Data items
*-*-*

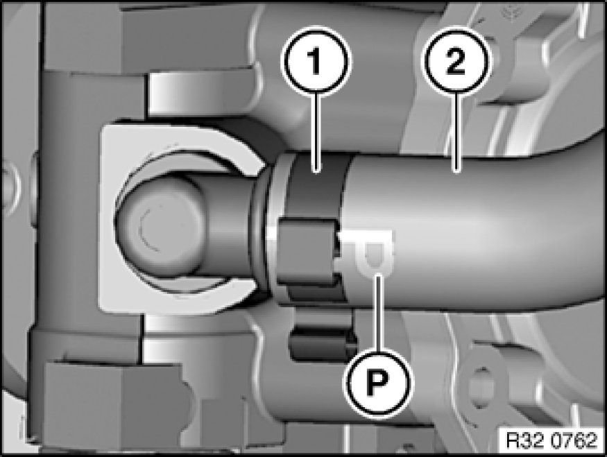 Align suction line (2) by way of marking (P) to connection on vane pump.
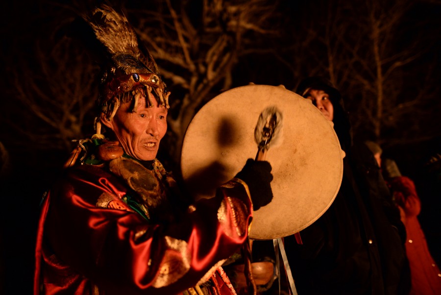 Шаман в Кызыле проводит обряд встречи солнца, первые лучи которого означают наступление Шагаа — нового года по лунному календарю, 2016 годФото: Александр Кряжев/РИА Новости
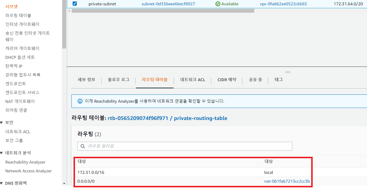 - Private Subnet에서 NAT Gateway를 바라보도록 라우팅 테이블 설정
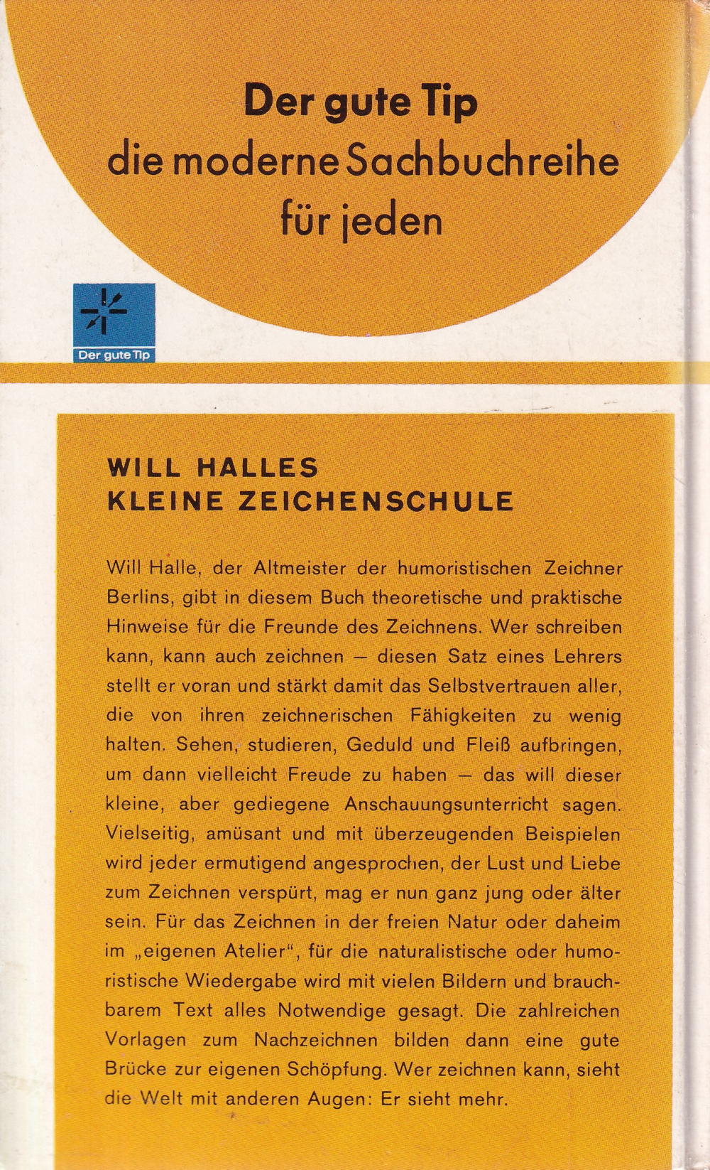 Will Halle, der Altmeister der humoristischen Zeichner Berlins, gibt in diesem Buch theoretische und praktische Hinweise für die Freunde des Zeichnens. Wer schreiben kann, kann auch zeichnen diesen Satz eines Lehrers stellt er voran und stärkt damit das Selbstvertrauen aller, die von ihren zeichnerischen Fähigkeiten zu wenig halten. Sehen, studieren, Geduld und Fleiss aufbringen, um dann vielleicht Freude zu haben das will dieser kleine, aber gediegene Anschauungsunterricht sagen.
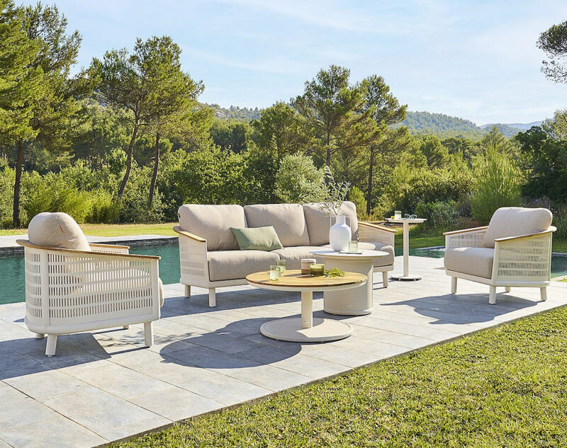 Luxusná hliníková zostava s pohodlnými poduškami z veľmi odolnej textílie olefín.
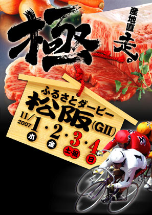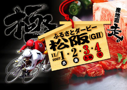 ふるさとダービー 松阪競輪場 (47♯) 2007年11月01日(木) 〜 11月04日(日) ◆主な出場予定選手◆ 小嶋敬二(石川) 手島慶介(群馬) 渡邉晴智(静岡) 伏見俊昭(福島) 佐藤慎太郎(福島) 後閑信一(群馬) 岩見潤(三重) 松岡彰洋(三重)  海田和裕(三重) 濱口高彰(岐阜)  他 http://keirin.jp/pc/dfw/dataplaza/guest/entrymemberKCD=47&KST=20071101 ◆テレビ実況中継予定◆ ・スピードチャンネル390ch(4日間) ・オッズ専用チャンネル391ch(4日間) ・三重テレビ 1日、3日、4日(15:00〜16:50)

*-*-*

The line containing "- Private Subnet에서" marks where the copy ends; print every line before it from the start of the records, and that line too, but no pictures.

• **RESPONSE AREA**:
 Align suction line (2) by way of marking (P) to connection on vane pump.
 Шаман в Кызыле проводит обряд встречи солнца, первые лучи которого означают наступление Шагаа — нового года по лунному календарю, 2016 годФото: Александр Кряжев/РИА Новости
 - Private Subnet에서 NAT Gateway를 바라보도록 라우팅 테이블 설정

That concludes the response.